Saved entries:
—————

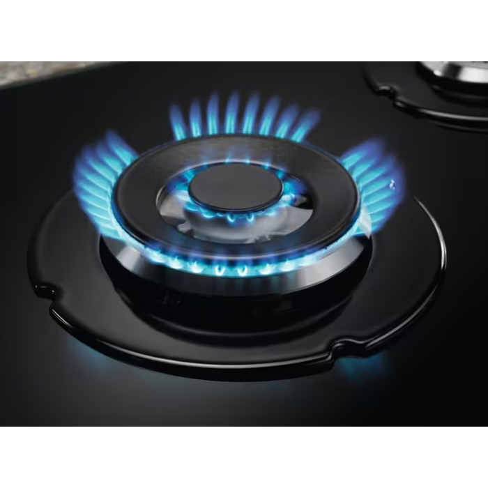 Швидкісна конфорка цієї газової варильної поверхні від Electrolux розроблена для швидкого досягнення дна каструль і сковорідок, забезпечуючи швидше та потужніше нагрівання, при цьому заощаджуючи до 20% на енергії. Потужне нагрівання для повнішого смаку. Пальник «мульти-корона» конфорки вок 4k розроблений для забезпечення більш потужного полум'я, надаючи додаткової потужності для готування справжніх страв азіатської кухні. Елегантність без зусиль. Скляну поверхню варильної панелі легко витирати, підтримуючи охайний та чистий вигляд кухні. Точне регулювання полум'я. Повністю контролюйте варильну поверхню завдяки чутливим газовим кранам. Вони допомагають легко регулювати рівень полум'я, щоб завжди готувати з потрібним рівнем нагрівання. Безпека без роздумів. Газова варильна поверхня оснащена автоматичною функцією безпеки, яка вимикає газ у випадку раптового згасання полум'я.
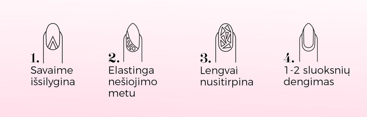- Denkite vieną sluoksnį, norėdami išgauti lengvą, permatomą efektą, du sluoksnius didesniam dengiamumui, arba storesnį antrą sluoksnį – pilnam nago plokštelės padengimui.
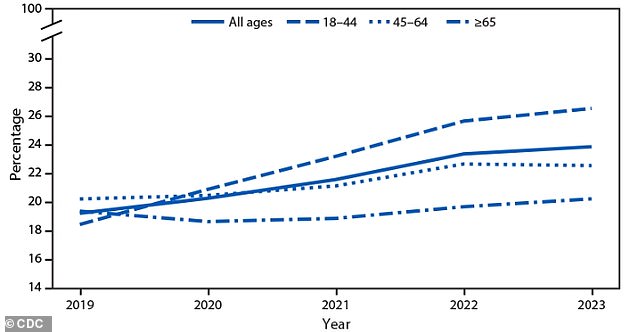 About 5 percent of American adults, or roughly 16.5 million people, experience Seasonal Affective Disorder (SAD) each year. Above, a graph showing the growth of mental health treatments among adults by age group in the US from 2019 to 2023
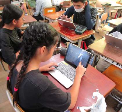 総合的な学習の時間では、1年生に向けて「防災」をテーマに発表をしようと調べた内容をまとめています。1年生は、クイズのほうがいいかな?この内容ではわかりにくいかな?と相手意識をもって話を進めています。
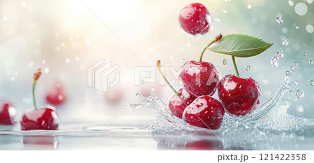 Juicy cherries splashing into clear water create refreshing scene filled with vibrant colors and dynamic movement. droplets enhance lively atmosphere
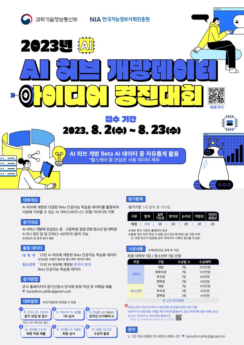 제목 : [한국지능정보사회진흥원] `23년 AI 허브 개방데이터 아이디어 경진대회 (\~8/23) ♣ 대회명 : `23년 AI 허브 개방데이터 아이디어 경진대회 ♣ 개최 목적 : 1) `23년 AI 허브 개방데이터의 인지도 제고 및 활용 촉진과 AI 데이터 저변 확산을 통한 AI 산업계 인재 양성 도모 2) AI 데이터 활용 문화 조성과 더불어 혁신적인 아이디어 발굴 ♣ 공모주제 : AI 허브에 개방된 다양한 Beta 인공지능 학습용 데이터를 활용하여 사회에 기여할 수 있는 AI 서비스(비즈니스 모델) 아이디어 기획 ♣ 참가대상 : 인공지능, AI 데이터, 데이터 기반 AI 서비스 개발에 관심 있는 중 · 고등학생, 동일 연령 청소년 및 대학생 누구나(개인 또는 1\~4인 팀) ♣ 공모부문 : 1) 대학부 : `23년 개방 Beta 인공지능 학습용 데이터 활용 서비스 아이디어 기획 - 타 분야 Beta AI 데이터를 융합한 아이디어 기획 가능 / ※ 안심존 사용 헬스케어 데이터 제외 2) 청소년부 : `23년 개방 한국어 Beta Ai 데이터 활용 서비스 아이디어 기획 - 다수의 Beta 한국어 AI 데이터를 융합한 아이디어 기획 가능 ♣ 참가접수기간 : 2023. 8. 2(수) \~ 8. 23(수) 23:59 까지 (기한 연장) ★ 마감시간 이후 제출자료는 인정하지 않습니다. ♣ 접수 방법 및 제출 서류 : 1) 홈페이지 내 양식 다운로드, 작성 후 이메일 제출(hackathon.philic@gmail.com) 2) 참가신청서 및 기획안 1부 / 참가서약서 1부 / 개인정보 수집 및 이용 동의서 1부 ♣ 평가항목 : 실현가능성 / 창의성 / 논리성 / 적합성 / 데이터 융합성, 5개 항목 총합 100점 ※ 데이터 융합성 항목 : AI 데이터 활용 개수 및 근거자료에 따라 차등배점 적용 ※ 가점항목 : AI 데이터 품질 개선 의견 작성 시 최대 2점 가점 부여 / 최종 점수가 동점일 경우 아이디어 기획안 점수를 우선하여 순위배정 ♣ 대회 일정 1) 참가자 모집 마감 : 2023. 8. 2. (수) \~ 8. 23. (수) 23:59 2) 온라인 OT : 8. 25. (금) (시간 개별 공지) 3) 최종 자료 제출 마감 : 8. 29. (화) 23:59 4) 최종 심사 : 8. 30. (수) \~ 9. 4. (월) 5) 수상자 발표 : 9. 5. (화) 16:00 ♣ 시상규모 : 총 800만원 대학부 : 5팀 / 500만원 청소년부 : 5팀 / 300만원 ※ 결과에 따라 기준미달로 적합한 기획안이 없을 경우 시상내역은 조정될 수 있으며, 상금은 제세공과금 공제 후 지급 ♣ 청소년부 특전 청소년부 수상팀은 2023 한국어 AI 경진대회 청소년부 본선 자동진출 / 10월 중순 진행 예정 ( https://competition.aihub.or.kr/2023) ※ 원활한 대회 진행을 위한 파이썬 활용능력, 음성 데이터에 대한 이해도 필요 ♣ 문의 http://www.aihub-ideacontest.co.kr/ 이메일 : hackathon.philic@gmail.com / 전화 : 02-554-9587, 02-6953-4816\~20 ♣ 참가신청서 다운로드 : `23년_AI_허브_개방데이터_아이디어_경진대회_제출서류_양식(참가신청서_등).hwp (67.383 KiB)**
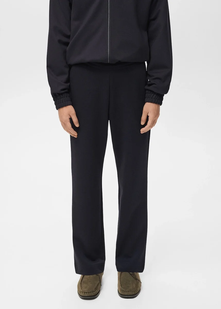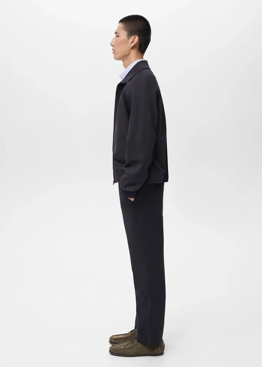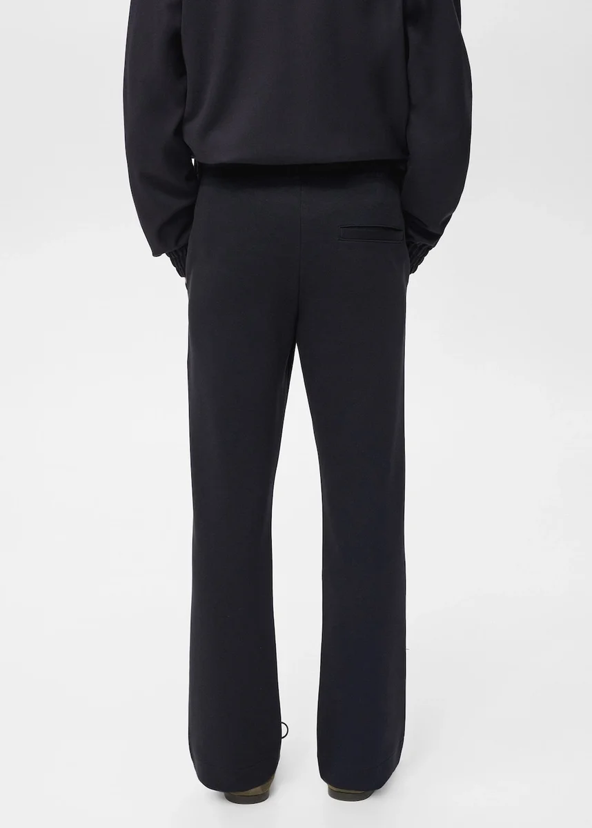 Bavlněná směsová tkanina. Joggerový střih. Rovný střih. Elastický pas s nastavitelnou vnitřní stahovací šňůrkou. Dvě boční kapsy. Zadní našitá kapsa.
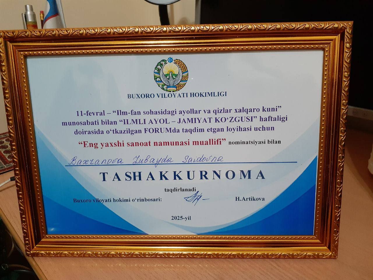 🏛 В рамках форума первому проректору по делам молодежи, духовно-просветительской работы Бухарского государственного медицинского института З.С. Бахрановой было вручено Благодарственное письмо от хокимията Бухарской области за ее широкомасштабную деятельность в рамках недели “Образованная женщина – зеркало общества”, приуроченной к Международному дню женщин и девочек в науке.
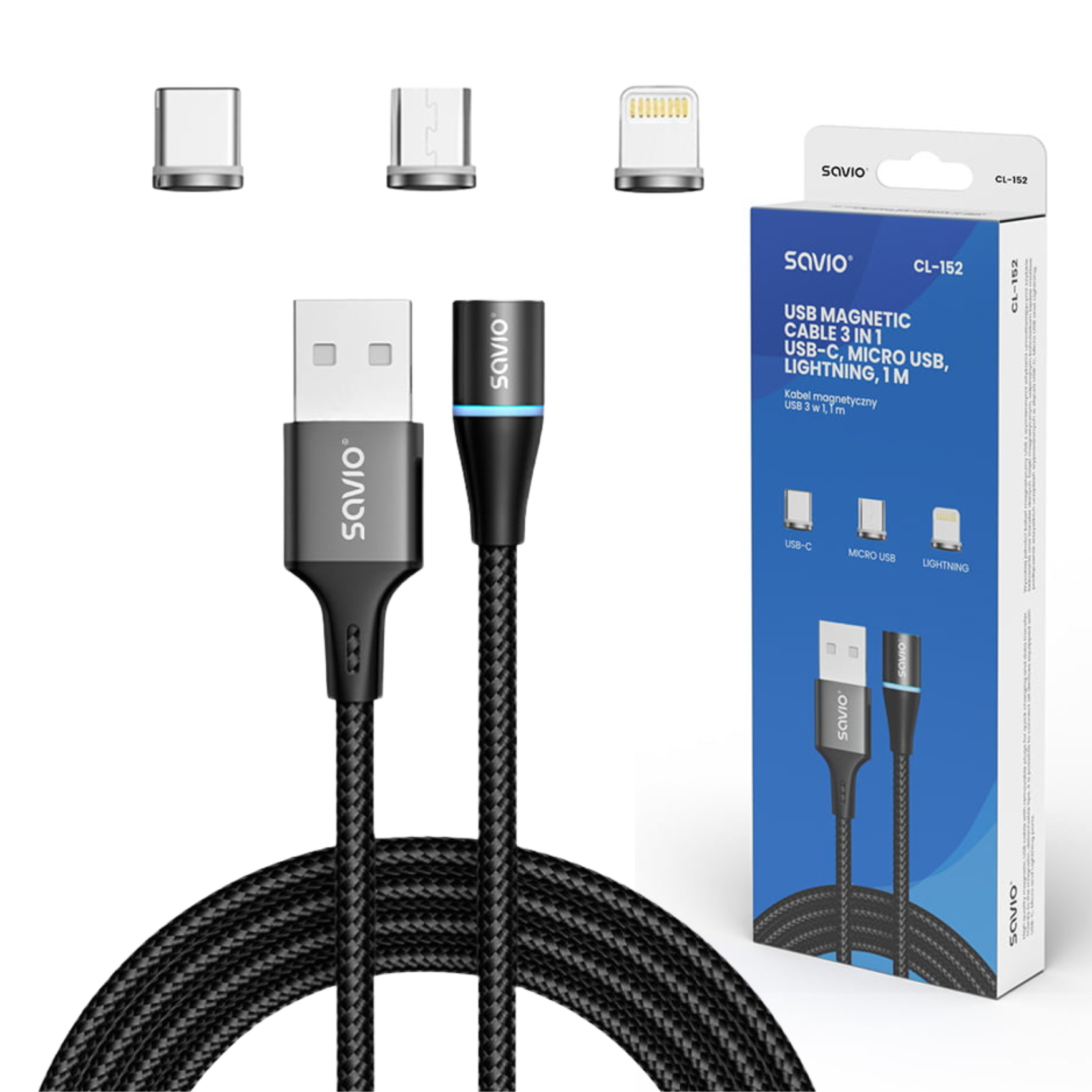Kabel Savio Magnet Usb-Usb Typ C Micro (1153939)
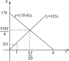 解答 解:如图所示,交点的实际意义:S坐标是甲和乙相遇时距离B地的路程.t坐标是小明和小李相遇时行驶的时间.

—————

Exercise requirements —
Pictures excluded, set down all the entries exactly.

Task response —
 Швидкісна конфорка цієї газової варильної поверхні від Electrolux розроблена для швидкого досягнення дна каструль і сковорідок, забезпечуючи швидше та потужніше нагрівання, при цьому заощаджуючи до 20% на енергії. Потужне нагрівання для повнішого смаку. Пальник «мульти-корона» конфорки вок 4k розроблений для забезпечення більш потужного полум'я, надаючи додаткової потужності для готування справжніх страв азіатської кухні. Елегантність без зусиль. Скляну поверхню варильної панелі легко витирати, підтримуючи охайний та чистий вигляд кухні. Точне регулювання полум'я. Повністю контролюйте варильну поверхню завдяки чутливим газовим кранам. Вони допомагають легко регулювати рівень полум'я, щоб завжди готувати з потрібним рівнем нагрівання. Безпека без роздумів. Газова варильна поверхня оснащена автоматичною функцією безпеки, яка вимикає газ у випадку раптового згасання полум'я.
- Denkite vieną sluoksnį, norėdami išgauti lengvą, permatomą efektą, du sluoksnius didesniam dengiamumui, arba storesnį antrą sluoksnį – pilnam nago plokštelės padengimui.
 About 5 percent of American adults, or roughly 16.5 million people, experience Seasonal Affective Disorder (SAD) each year. Above, a graph showing the growth of mental health treatments among adults by age group in the US from 2019 to 2023
 総合的な学習の時間では、1年生に向けて「防災」をテーマに発表をしようと調べた内容をまとめています。1年生は、クイズのほうがいいかな?この内容ではわかりにくいかな?と相手意識をもって話を進めています。
 Juicy cherries splashing into clear water create refreshing scene filled with vibrant colors and dynamic movement. droplets enhance lively atmosphere
 제목 : [한국지능정보사회진흥원] `23년 AI 허브 개방데이터 아이디어 경진대회 (\~8/23) ♣ 대회명 : `23년 AI 허브 개방데이터 아이디어 경진대회 ♣ 개최 목적 : 1) `23년 AI 허브 개방데이터의 인지도 제고 및 활용 촉진과 AI 데이터 저변 확산을 통한 AI 산업계 인재 양성 도모 2) AI 데이터 활용 문화 조성과 더불어 혁신적인 아이디어 발굴 ♣ 공모주제 : AI 허브에 개방된 다양한 Beta 인공지능 학습용 데이터를 활용하여 사회에 기여할 수 있는 AI 서비스(비즈니스 모델) 아이디어 기획 ♣ 참가대상 : 인공지능, AI 데이터, 데이터 기반 AI 서비스 개발에 관심 있는 중 · 고등학생, 동일 연령 청소년 및 대학생 누구나(개인 또는 1\~4인 팀) ♣ 공모부문 : 1) 대학부 : `23년 개방 Beta 인공지능 학습용 데이터 활용 서비스 아이디어 기획 - 타 분야 Beta AI 데이터를 융합한 아이디어 기획 가능 / ※ 안심존 사용 헬스케어 데이터 제외 2) 청소년부 : `23년 개방 한국어 Beta Ai 데이터 활용 서비스 아이디어 기획 - 다수의 Beta 한국어 AI 데이터를 융합한 아이디어 기획 가능 ♣ 참가접수기간 : 2023. 8. 2(수) \~ 8. 23(수) 23:59 까지 (기한 연장) ★ 마감시간 이후 제출자료는 인정하지 않습니다. ♣ 접수 방법 및 제출 서류 : 1) 홈페이지 내 양식 다운로드, 작성 후 이메일 제출(hackathon.philic@gmail.com) 2) 참가신청서 및 기획안 1부 / 참가서약서 1부 / 개인정보 수집 및 이용 동의서 1부 ♣ 평가항목 : 실현가능성 / 창의성 / 논리성 / 적합성 / 데이터 융합성, 5개 항목 총합 100점 ※ 데이터 융합성 항목 : AI 데이터 활용 개수 및 근거자료에 따라 차등배점 적용 ※ 가점항목 : AI 데이터 품질 개선 의견 작성 시 최대 2점 가점 부여 / 최종 점수가 동점일 경우 아이디어 기획안 점수를 우선하여 순위배정 ♣ 대회 일정 1) 참가자 모집 마감 : 2023. 8. 2. (수) \~ 8. 23. (수) 23:59 2) 온라인 OT : 8. 25. (금) (시간 개별 공지) 3) 최종 자료 제출 마감 : 8. 29. (화) 23:59 4) 최종 심사 : 8. 30. (수) \~ 9. 4. (월) 5) 수상자 발표 : 9. 5. (화) 16:00 ♣ 시상규모 : 총 800만원 대학부 : 5팀 / 500만원 청소년부 : 5팀 / 300만원 ※ 결과에 따라 기준미달로 적합한 기획안이 없을 경우 시상내역은 조정될 수 있으며, 상금은 제세공과금 공제 후 지급 ♣ 청소년부 특전 청소년부 수상팀은 2023 한국어 AI 경진대회 청소년부 본선 자동진출 / 10월 중순 진행 예정 ( https://competition.aihub.or.kr/2023) ※ 원활한 대회 진행을 위한 파이썬 활용능력, 음성 데이터에 대한 이해도 필요 ♣ 문의 http://www.aihub-ideacontest.co.kr/ 이메일 : hackathon.philic@gmail.com / 전화 : 02-554-9587, 02-6953-4816\~20 ♣ 참가신청서 다운로드 : `23년_AI_허브_개방데이터_아이디어_경진대회_제출서류_양식(참가신청서_등).hwp (67.383 KiB)**
 Bavlněná směsová tkanina. Joggerový střih. Rovný střih. Elastický pas s nastavitelnou vnitřní stahovací šňůrkou. Dvě boční kapsy. Zadní našitá kapsa.
 🏛 В рамках форума первому проректору по делам молодежи, духовно-просветительской работы Бухарского государственного медицинского института З.С. Бахрановой было вручено Благодарственное письмо от хокимията Бухарской области за ее широкомасштабную деятельность в рамках недели “Образованная женщина – зеркало общества”, приуроченной к Международному дню женщин и девочек в науке.
Kabel Savio Magnet Usb-Usb Typ C Micro (1153939)
 解答 解:如图所示,交点的实际意义:S坐标是甲和乙相遇时距离B地的路程.t坐标是小明和小李相遇时行驶的时间.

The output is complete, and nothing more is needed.